According to the United States Department of Labor, part-time vs. full-time employees is defined by the employer, and the Fair Labor Standards Act does not limit the number of hours per day or week that employees aged 16 and older can be required to work.

“However, overtime compensation requirements can apply for hours worked over 40 in a work week,” the DOL states.

The main aspect to note is employment laws like discrimination and workplace safety also apply to seasonal workers just as they do full-time employees, according to The U.S. Small Business Administration.

Additionally, there are two types of benefit packages employers can offer to seasonal workers – one that is required by the law, which includes social security and workers compensation and an optional “fringe” that employers offer as a means of compensation, which includes paid vacation time and retirement plans.

“As an employer, you may decide that it is not possible or realistic to extend fringe benefits to temporary employees,” the SBA says. “It is important to set clear expectations with your temporary workers so there is mutual understanding of what benefits they are required to receive (social security) and what benefits they should not expect to receive.”

Here are some additional tips from the SBA:

  • Post your openings early.  This will give you a step up above other employers in choosing the best candidates for your position.
  • Use questionnaires or resumes to filter candidates.  To ensure that you do not waste time interviewing ineligible or inexperienced candidates, use a questionnaire or resume to filter out potential employees.  By asking a simple question, such as “How many years of experience do you have in the landscape industry” you can quickly and easily narrow down your applicant pool.
  • Consider hiring activities as a business investment.  Plan to train your temporary employees as thoroughly as you would train permanent employees.  Not only will they be better prepared to do the jobs you hired them for, but you never know what circumstances may arise down the road – one day, you may need or want them to become a permanent full time employee.
  • If you don’t have time to recruit or interview potential workers, consider obtaining help from temp agencies or professional employer organizations.  If you prefer to do the work yourself, focus your search on audiences that welcome temporary positions, including interns, independent contractors, or retirees.
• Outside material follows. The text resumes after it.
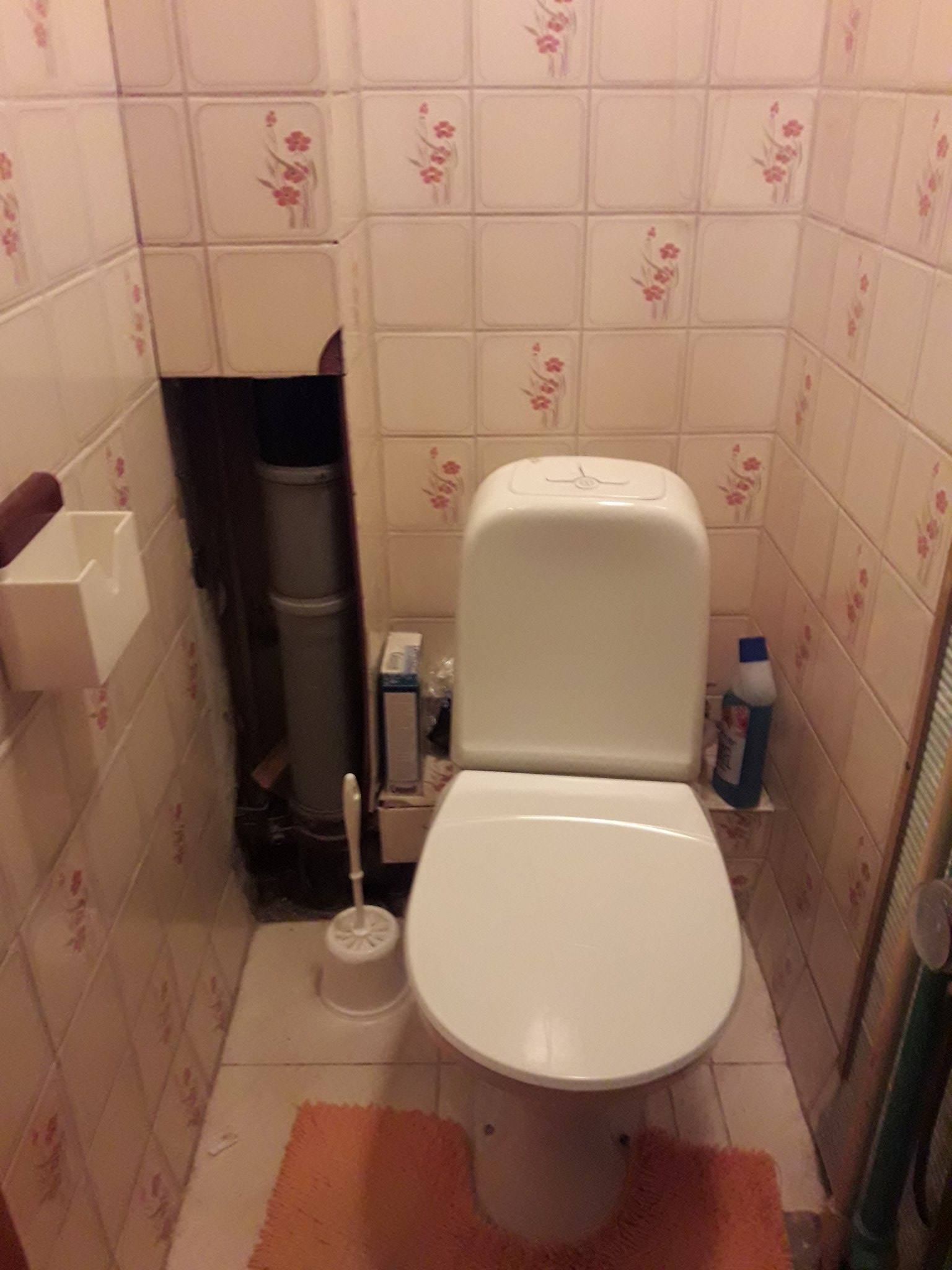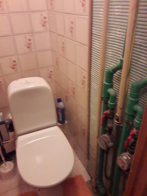WC-l on põrandapinda 0,92 x 0,8 m, ruumi kõrgus 2,5 m. Vaja oleks eemaldada keeramilised plaadid seintelt ja laest, paigaldada uued plaadid seintele, lagi värvida. Vahetada WC pott, võimalusel paigaldada uus pott tagaseinale lähemale (vt pilti). Valada uus põrand ja plaatida. Torude ümber ehitada võimalusel kapp, et oleks ligipääs veemõõtjatele. Osad veetorud on juba varasemast ühistu poolt vahetatud.

Many times, landscapers will hire college-aged students with some experience or even younger to get a few extra helping hands through the busy season.

Owner of Inside Out Design and TLC’s 2014 Landscaper of the Year, Andrea Wilson Mueller says hiring college students helped out her business tremendously this year.

“We hire with the expectation that everyone will be full time, year round,” Mueller says. “However, this year, we did hire two college students for summer help. It worked out wonderfully, and I only wish they could stay longer. One helped us keep up with loose ends (replacements, mowing, shop duties, errands) and the other helped the maintenance crew.”

According to the DOL, children aged 14 and 15 may be employed outside of school hours under specific conditions. However, 17 year olds maybe be employed for unlimited hours in any occupation  other than those declared hazardous by the Secretary of Labor. Once an individual hits the age of 18, they are no longer classified under the federal youth employment provisions.